Malon came down, interrupting her frantic, if futile, search for Saria. “That’s a treasure chest,” she said before resuming her hunt.
“Cool! That’s even better!” Link hauled the chest out into the dirt, and opened it. Inside there was no money, or map, or anything that could possibly be of use.
“Damn,” Link said as he threw it aside, landing squarely on Ingo’s head and knocking him out colder even than Talon.
As he threw it, something fell out.
Zelda picked it up, and said, “Wait!” She read it aloud. “Yadda yadda, come to the Magical City of Answers, blah blah blah, dark alleys perfect for hiding in, free food, lots of fun for the kids, get a tan, et cetera et cetera, best beds in the world, lots of exquisite rocks, something or other, adventure, answers, and lawyers, ocean amusement park now hiring, legalese, ooh! Here’s something: beauty salons open 24/7. Should we go?”
Everybody, including Saria who had been rescued, jerked their heads at Zelda. They all rushed out, saying they were going to get packed.
“So I’ll just take that as a ‘yes,’” said Zelda as she went off to her own bedroom to try to break the world record for how much stuff could be fit in a single suitcase.
It was only a few minutes before everyone was packed.
Link carried everything on his person, stuffing his clean undergarments into one bottle and filling the rest with various hair products which he never used because he always wore a hat.
Darunia didn’t have anything.
Rauru succeeded in carrying a fridge on his back.
Ruto had no fewer than six suitcases, three filled to the brim with fish and ice to keep them cool with, and three stuffed with pictures of Link, some more appropriate than others. She had the fish because she was an inexperienced traveler and did not know that airline food is perfectly edible if your taste buds are, shall we say, slow, and that they would only be on the plane for four hours anyway.
Saria tried to convince Impa to pack for her but she failed, and so she had nothing and did not know it.
Impa had her pockets filled with the telltale unsightly bulges of Deku Nuts, and her head filled with daydreams of scaring the living daylights out of random passers-by.
Nobody knew where Nabooru was hiding what she had packed, nor did they care.
Zelda had indeed set the world record, and then broken it again; her two suitcases contained half the castle, plus a few dozen servants and chefs.
Malon has no suitcases, opting instead to carry her empty sacks of grain that were full of what she was bringing on the back of a few pack animals.
Talon was in one of those sacks of grain.

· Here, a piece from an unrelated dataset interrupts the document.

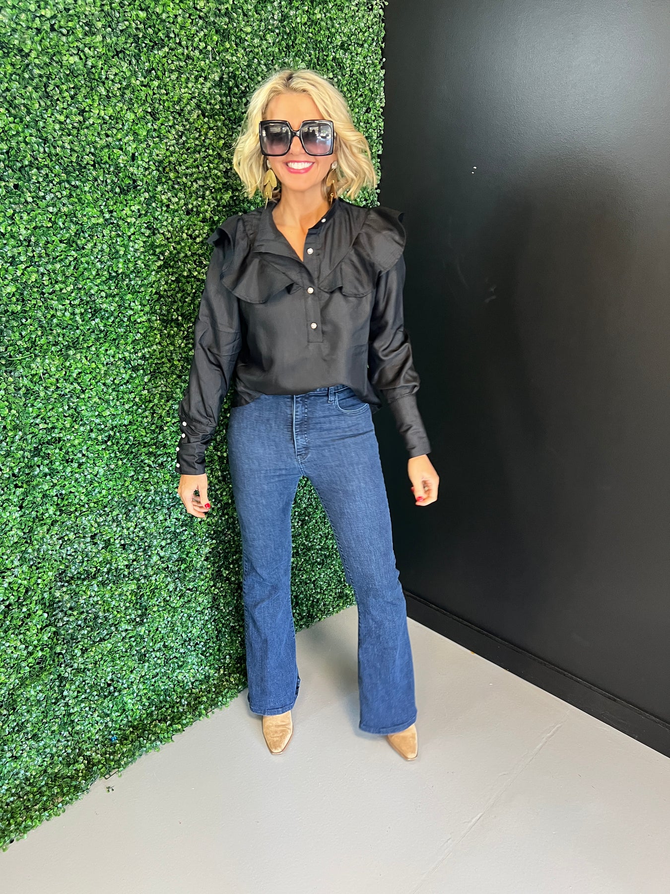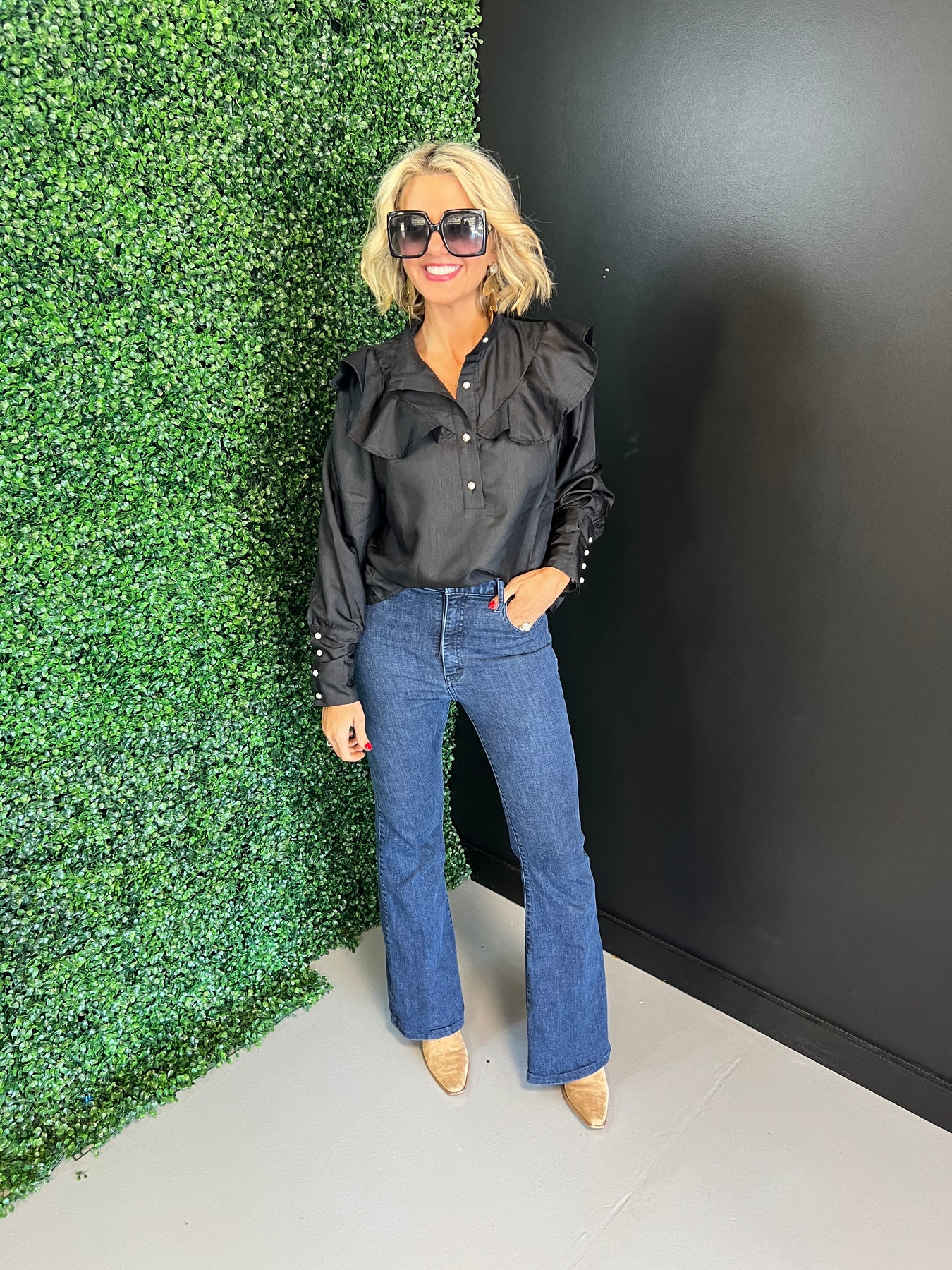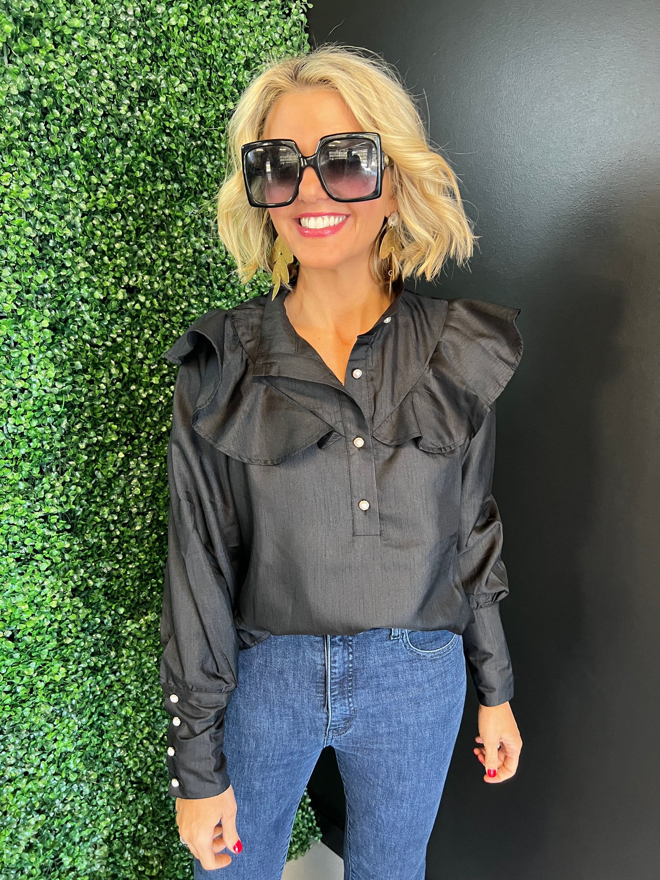Elevate your wardrobe with this Black Ruffle Detail Collar Blouse. Featuring elegant ruffle accents and a classic collar, it blends timeless style with modern flair. Perfect for work or evening outings, its flattering silhouette and sleek black fabric ensure you look effortlessly polished and confident. Make a sophisticated statement with this versatile blouse that pairs beautifully with both skirts and trousers.

Ingo was still unconscious.
Ganondorf “lost” his briefcase, so he was carrying his bright pink girly stuff in his “Barbie” suitcase and his bright bluish girly stuff in his “Teletubbies” one. He claimed that this was all he could find; he had gotten these years ago when he was fervently hoping to get married and have a little girl. He might actually have been telling the truth.
Dampe the Grave Keeper wasn’t there.
Shiek was only a costume who, like everything else that belonged to Zelda, was stuffed inside her suitcases.
Mido was at his real home being a loser.
I can’t think of anyone else.
So they all started walking until Hyrule International Airport was invented and built, and then they got on an airplane and took their seats.
Link slept the whole time because he was damn tired.
Zelda and Malon, who were good friends, sat and talked the whole time.
Impa and Nabooru practiced for the upcoming Rock-Paper-Scissors Olympics in Elbonia.
Saria ran up and down the aisles until she passed just as the plane was landing.
Talon, too, slept through the flight and wound up with an enormous case of jet lag.
Ruto panicked and sort of spent the whole flight hugging her knees and wishing it were over.
Rauru emptied his fridge, and all the airline food on the plane, and almost caused a crash.
Darunia depressurized the cabin when he accidentally lost his balance when he was going to the lavatory. Fortunately they were already on the ground at the time.
And so they arrived at the Magical City of Answers.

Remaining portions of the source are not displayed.